An appropriate task should have high feasibility, as can be measured by a high participation rate: Are children able to engage in the task, sitting down, and watching the screen? It should likewise have high acceptability, as can be measured by completion rate: Are children able to finish the task—i.e., do they remain seated and focused on the screen for the duration of the task and therefore contribute a complete recording? A successful eye-tracking task should also provide a sufficient amount of usable data. Finally, we evaluated preliminary validity by examining the relationship between parameters derived from MOYSCAT and the standardized measure of morphosyntactic comprehension from the EVALO battery. We varied task length, hypothesizing that a shortened version of the task would maximize feasibility, acceptability, and data usability for further analysis. A valid task to evaluate morphosyntactic abilities in all children should yield data with some variability, and a distribution shape close to that of a normal distribution, i.e., without extreme tail behaviors, approximatively symmetric and without clear ceiling or floor effects.

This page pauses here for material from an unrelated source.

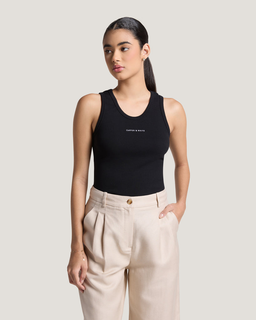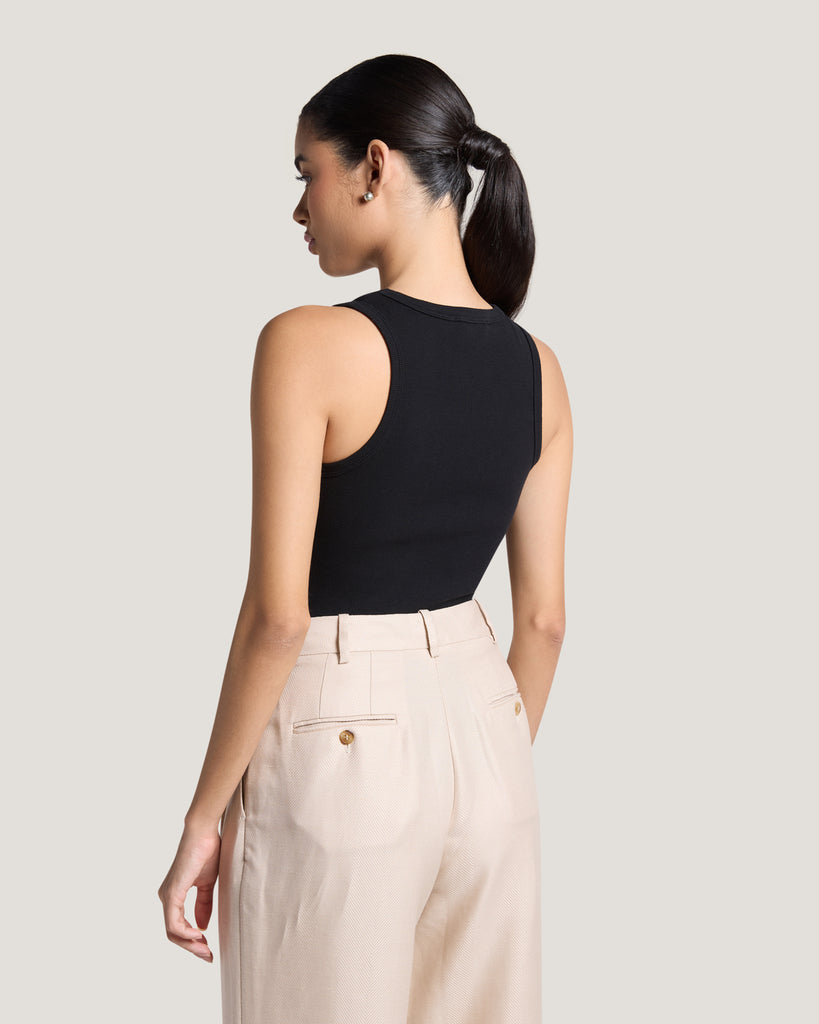 The Alaia Tank Top offers effortless style and comfort. Made from high-quality cotton, this tank top features a flattering slim fit and a classic round neckline. Perfect for layering or wearing on its own, this versatile piece is a must-have for any wardrobe. The breathable fabric ensures all-day comfort, making it ideal for various activities. Shop the Women Alaia Tank Top in black for a chic and timeless addition to your collection.

Regarding chronological age, although typically developing children in this age range already show considerable morphosyntactic comprehension, we expected that performance would increase with increasing age in non-autistic children (e.g., faster orientation to the matching video or increased exploration of the matching video), since older children have faster general processing speed.

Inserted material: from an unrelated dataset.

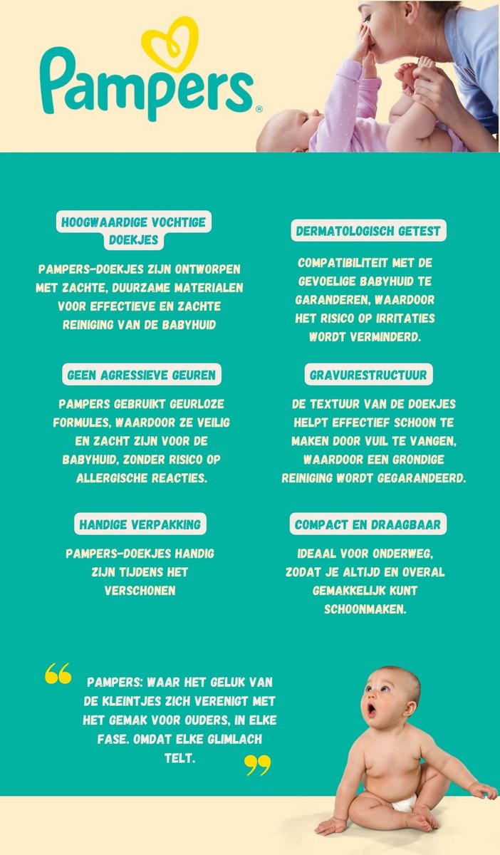 De doekjes zijn dermatologisch getest en goedgekeurd door de Skin Health Alliance. De sluiting voorkomt uitdroging, zodat elk doekje fris en vochtig blijft. Met Pampers Fresh Clean wordt verschonen niet alleen praktisch, maar ook een moment van comfort.

The literature shows that while some autistic children display typical morphosyntactic development, many show delayed expressive language, and IPL evidence suggests that comprehension can also be delayed. These considerations led us to expect that young autistic children, as a group, would perform somewhat below non-autistic children in the same age rage, if each of the MOSYCAT parameters is a reliable indicator of morphosyntactic comprehension.
Methods
Ethics
This research was approved by the Comité d'Ethique de la Recherche Tours-Poitiers and the Comité de Protection des Personnes EST 1 (2017/23-ID RCB: 2017-A00756-47; PROSCEA). Children were recruited in nursery schools and kindergartens in Tours, France. Autistic children were from the Centre-Val de Loire region and the child psychiatry department of the Tours University Regional Hospital. Parents and children were informed of their rights and of all aspects of the experimental design; parental consent was obtained in the form of a signed written consent form. Children's agreement was also sought, verbally, when possible, or non-verbally, based on their behavior.

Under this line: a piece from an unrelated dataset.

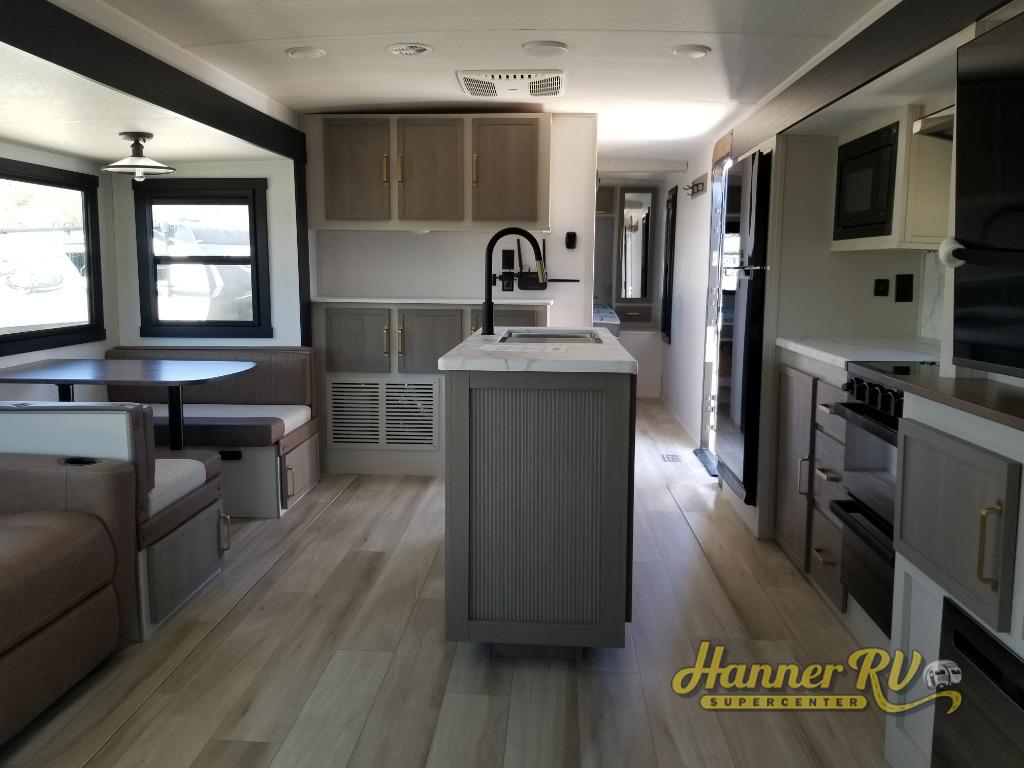 It's time to head to your destination with this Wildwood Heritage Glen travel trailer, whether it be a state park, RV resort, or your own land. Once you arrive, you can easily open up the dual opposing slides for more interior space and start planning your day. You might like to cook a meal, wash dishes using the kitchen island, and dine at the booth dinette, or you can choose the free-standing table option instead. Your guests may choose to relax in the theatre seats or the tri-fold sofa while watching TV, and the outside kitchen/bar will surely be a useful area when wanting to be outside. Don't worry about storage because the extra large pass-through compartment is available for your camping chairs, tables, fishing rods, and such.

Participants and Global Experimental Protocol
We recruited children aged 2;6 to 5;11. A total of 100 participants, divided into three groups, took part in our study (Table 1). All participants had normal or corrected-to-normal vision and normal hearing, based on parental or clinical reports. Bilingual language exposure was not an exclusionary criterion, as we aimed for population samples that reflected the cultural diversity of the population consulting at the public center where we recruited the autistic children and in the surrounding community. 1 All participants had all-day monolingual exposure to French during the week in daycare centers or at school. Most children were also exposed to French at home, monolingually, or, for some, bilingually (14/56 bilingual exposure in Group 1, 4/23 in Group 2, and 15/21 in the ASD group). French was the dominant language spoken at home for all these children, except two autistic children. Nonverbal reasoning abilities were assessed using the block design and object assembly subtests (generating a visual spatial index) from the age-appropriate Wechsler Intelligence Scales (Wechsler Preschool and Primary Scale of Intelligence 4th ed., Wechsler, 2012).
Participant Characteristics.
Note. VSI = Visual Spatial Index. WPPSI = Wechsler Preschool and Primary Scale of Intelligence. CSS-SA = calibrated severity score, social affect /10, ADOS-2. CSS-RRB = calibrated severity social, restricted and repetitive behavior /10 (autism diagnostic observation schedule-2). ADOS scores were available for 19/21 participants.
The first version of MOSYCAT was administered to 56 children (23 girls; mean age: 51.20 months old (± 11.48) [32 71]) who were recruited in nursery schools and kindergartens. We henceforth refer to these children as Group 1. The second version of MOSYCAT was administered to a second group (Group 2) of 23 children (13 girls; mean age: 47.78 months old (± 10.47) [30 64]), recruited in nursery schools and kindergartens and by word of mouth. Children in Group 1 and Group 2 had no history of neurological or psychiatric disorders or early learning disabilities (notably no NDD diagnoses).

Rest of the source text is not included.